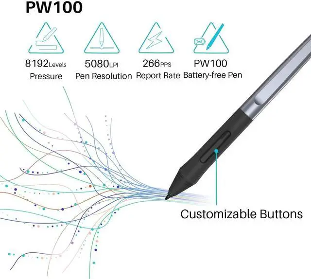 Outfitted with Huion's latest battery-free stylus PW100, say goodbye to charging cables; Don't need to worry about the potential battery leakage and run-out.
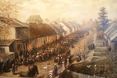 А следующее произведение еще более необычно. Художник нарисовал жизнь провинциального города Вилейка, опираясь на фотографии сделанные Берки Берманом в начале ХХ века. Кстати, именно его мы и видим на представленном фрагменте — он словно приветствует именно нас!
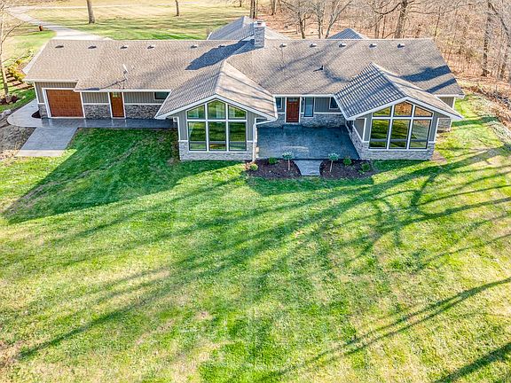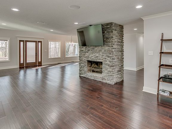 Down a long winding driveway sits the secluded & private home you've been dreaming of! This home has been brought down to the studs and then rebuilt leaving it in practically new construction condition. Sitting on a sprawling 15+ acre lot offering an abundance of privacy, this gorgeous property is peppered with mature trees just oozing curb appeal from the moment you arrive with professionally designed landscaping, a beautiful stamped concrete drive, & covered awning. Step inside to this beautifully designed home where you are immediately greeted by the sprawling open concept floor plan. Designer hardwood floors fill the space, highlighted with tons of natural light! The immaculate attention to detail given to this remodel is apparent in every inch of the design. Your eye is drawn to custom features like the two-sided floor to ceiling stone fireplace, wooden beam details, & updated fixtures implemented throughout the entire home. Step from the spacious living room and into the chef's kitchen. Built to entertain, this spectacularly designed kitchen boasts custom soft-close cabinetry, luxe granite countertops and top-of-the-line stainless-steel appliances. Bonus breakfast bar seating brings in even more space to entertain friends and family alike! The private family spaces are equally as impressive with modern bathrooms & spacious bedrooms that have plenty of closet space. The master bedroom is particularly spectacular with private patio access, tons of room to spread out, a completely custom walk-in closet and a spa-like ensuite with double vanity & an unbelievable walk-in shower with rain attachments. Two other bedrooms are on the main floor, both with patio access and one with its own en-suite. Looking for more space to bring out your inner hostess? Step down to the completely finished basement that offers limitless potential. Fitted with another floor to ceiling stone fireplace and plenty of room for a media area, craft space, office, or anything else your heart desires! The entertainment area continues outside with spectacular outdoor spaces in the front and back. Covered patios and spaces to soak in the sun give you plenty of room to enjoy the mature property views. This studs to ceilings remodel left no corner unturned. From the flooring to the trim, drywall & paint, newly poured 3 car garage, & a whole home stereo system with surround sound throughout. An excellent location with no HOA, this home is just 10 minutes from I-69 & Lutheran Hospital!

* * *

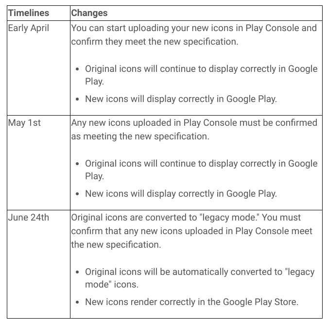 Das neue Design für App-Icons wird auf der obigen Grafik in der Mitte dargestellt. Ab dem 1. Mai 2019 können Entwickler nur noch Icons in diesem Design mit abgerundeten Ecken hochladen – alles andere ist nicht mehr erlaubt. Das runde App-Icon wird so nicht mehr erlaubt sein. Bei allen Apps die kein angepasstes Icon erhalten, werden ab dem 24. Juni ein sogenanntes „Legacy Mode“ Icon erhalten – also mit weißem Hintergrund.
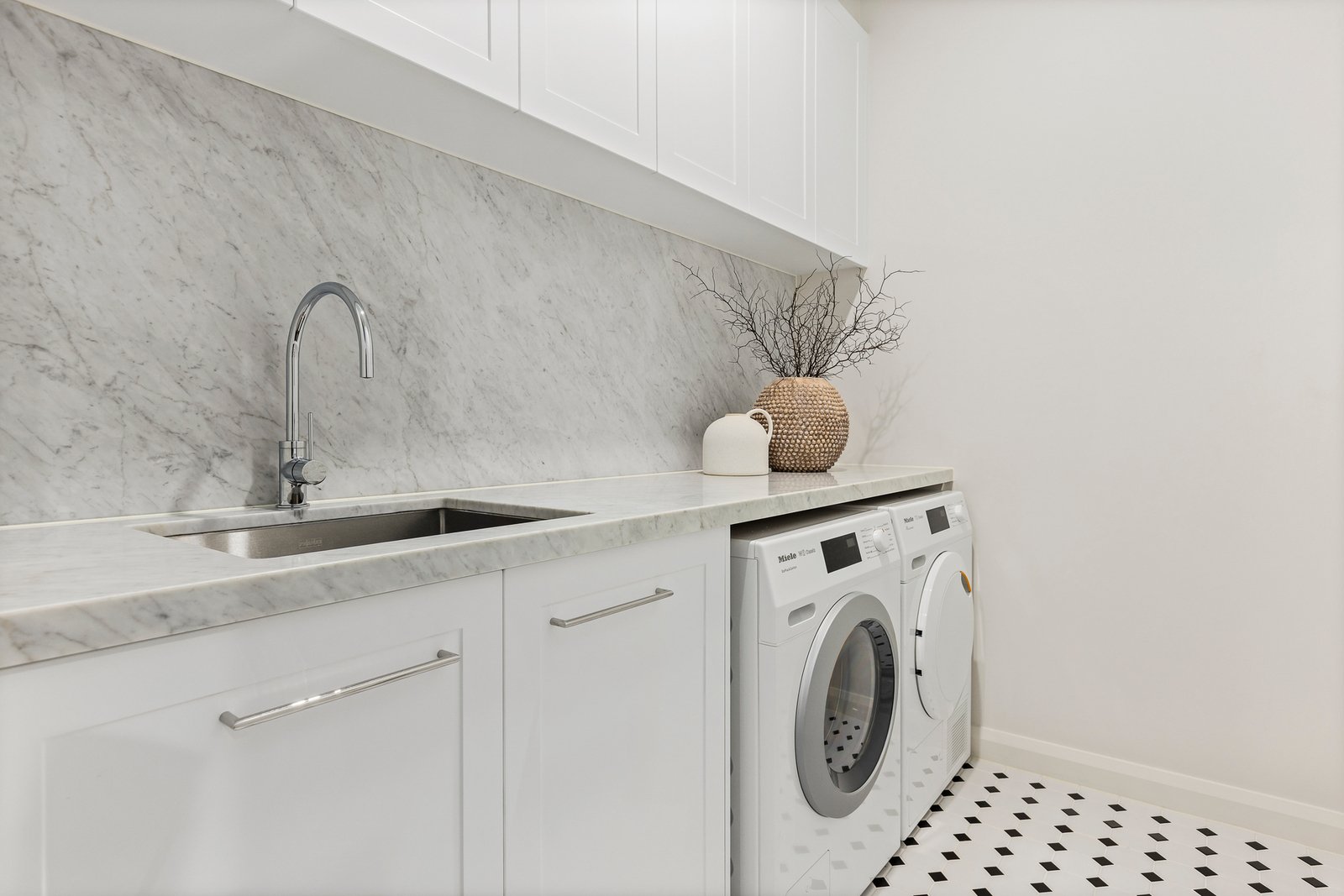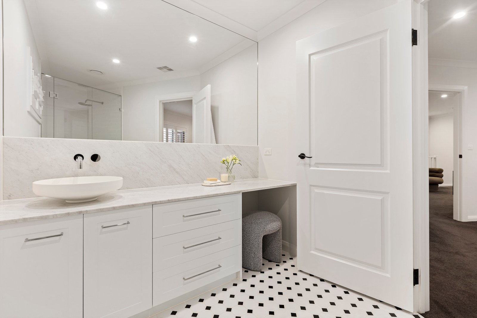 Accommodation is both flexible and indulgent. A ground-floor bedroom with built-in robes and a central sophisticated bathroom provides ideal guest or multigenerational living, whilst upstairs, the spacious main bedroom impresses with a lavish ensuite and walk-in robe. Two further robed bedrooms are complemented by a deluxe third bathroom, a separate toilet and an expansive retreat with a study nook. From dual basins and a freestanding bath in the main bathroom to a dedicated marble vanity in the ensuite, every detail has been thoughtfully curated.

--

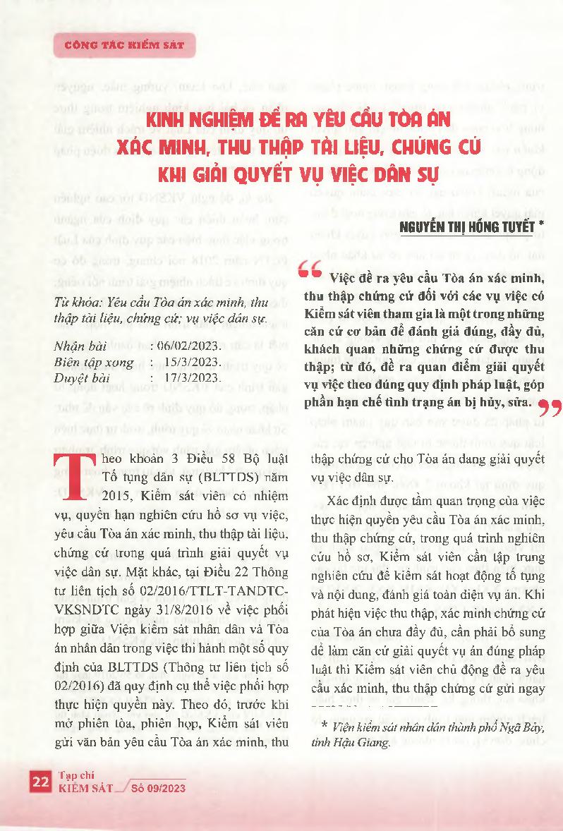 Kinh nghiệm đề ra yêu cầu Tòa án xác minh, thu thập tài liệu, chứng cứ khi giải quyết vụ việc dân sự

▶ **What the exercise asks**: Using the data above, output the line that has "Outfitted with Huion's", the line that has "А следующее произведение", and whatever lines fall between, each exactly as it stands and without pictures.

▶ **Solution for this task**:
 Outfitted with Huion's latest battery-free stylus PW100, say goodbye to charging cables; Don't need to worry about the potential battery leakage and run-out.
 А следующее произведение еще более необычно. Художник нарисовал жизнь провинциального города Вилейка, опираясь на фотографии сделанные Берки Берманом в начале ХХ века. Кстати, именно его мы и видим на представленном фрагменте — он словно приветствует именно нас!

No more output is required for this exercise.